**Instructions for the task:** Take the lines below from the one with "Iso-Nagelschellen, für Kabel" through the one with "Zu Beginn der" and print only them, exactly. Don't print the pictures.

:: Listed entries ::

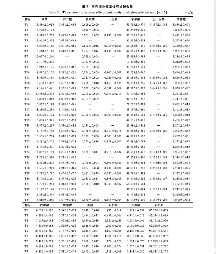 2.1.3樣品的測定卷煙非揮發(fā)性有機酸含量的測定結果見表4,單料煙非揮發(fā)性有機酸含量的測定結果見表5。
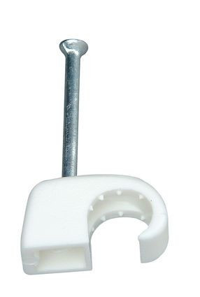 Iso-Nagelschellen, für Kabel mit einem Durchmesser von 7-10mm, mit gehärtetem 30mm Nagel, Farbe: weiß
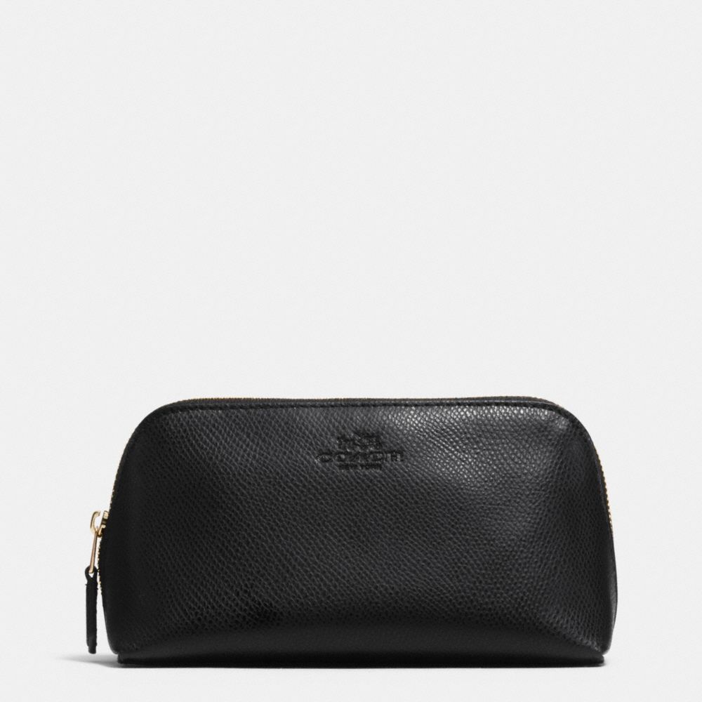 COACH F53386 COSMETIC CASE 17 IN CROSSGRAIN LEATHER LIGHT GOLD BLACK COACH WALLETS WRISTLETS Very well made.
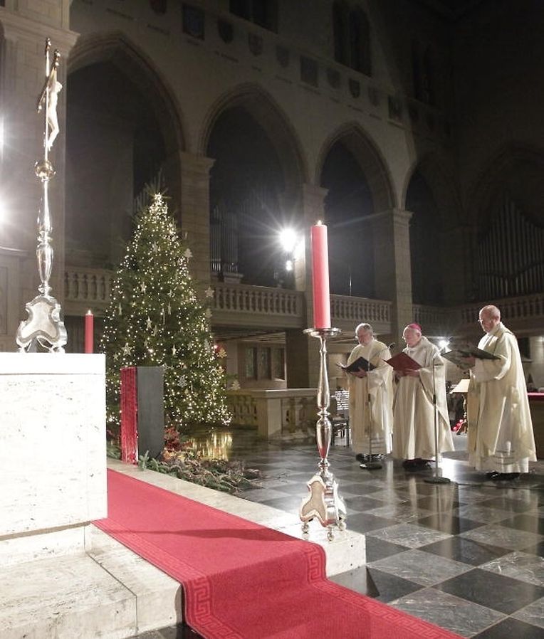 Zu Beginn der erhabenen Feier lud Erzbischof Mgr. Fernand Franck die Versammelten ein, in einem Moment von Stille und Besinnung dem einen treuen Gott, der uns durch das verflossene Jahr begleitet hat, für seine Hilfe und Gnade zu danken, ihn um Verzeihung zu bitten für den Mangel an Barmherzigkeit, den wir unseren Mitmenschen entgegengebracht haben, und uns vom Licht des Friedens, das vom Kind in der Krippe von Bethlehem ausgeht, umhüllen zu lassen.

:::
:: Listed entries ::

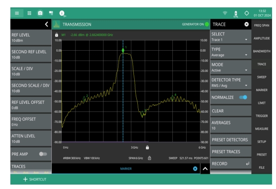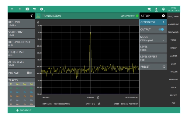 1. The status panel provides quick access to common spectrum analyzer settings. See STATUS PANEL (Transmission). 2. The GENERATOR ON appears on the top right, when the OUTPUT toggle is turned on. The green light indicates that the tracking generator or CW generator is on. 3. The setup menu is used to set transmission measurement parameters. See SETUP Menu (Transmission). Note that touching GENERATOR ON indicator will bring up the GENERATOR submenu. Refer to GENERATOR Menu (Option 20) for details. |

:::

**Problem solution:**
 Iso-Nagelschellen, für Kabel mit einem Durchmesser von 7-10mm, mit gehärtetem 30mm Nagel, Farbe: weiß
 COACH F53386 COSMETIC CASE 17 IN CROSSGRAIN LEATHER LIGHT GOLD BLACK COACH WALLETS WRISTLETS Very well made.
 Zu Beginn der erhabenen Feier lud Erzbischof Mgr. Fernand Franck die Versammelten ein, in einem Moment von Stille und Besinnung dem einen treuen Gott, der uns durch das verflossene Jahr begleitet hat, für seine Hilfe und Gnade zu danken, ihn um Verzeihung zu bitten für den Mangel an Barmherzigkeit, den wir unseren Mitmenschen entgegengebracht haben, und uns vom Licht des Friedens, das vom Kind in der Krippe von Bethlehem ausgeht, umhüllen zu lassen.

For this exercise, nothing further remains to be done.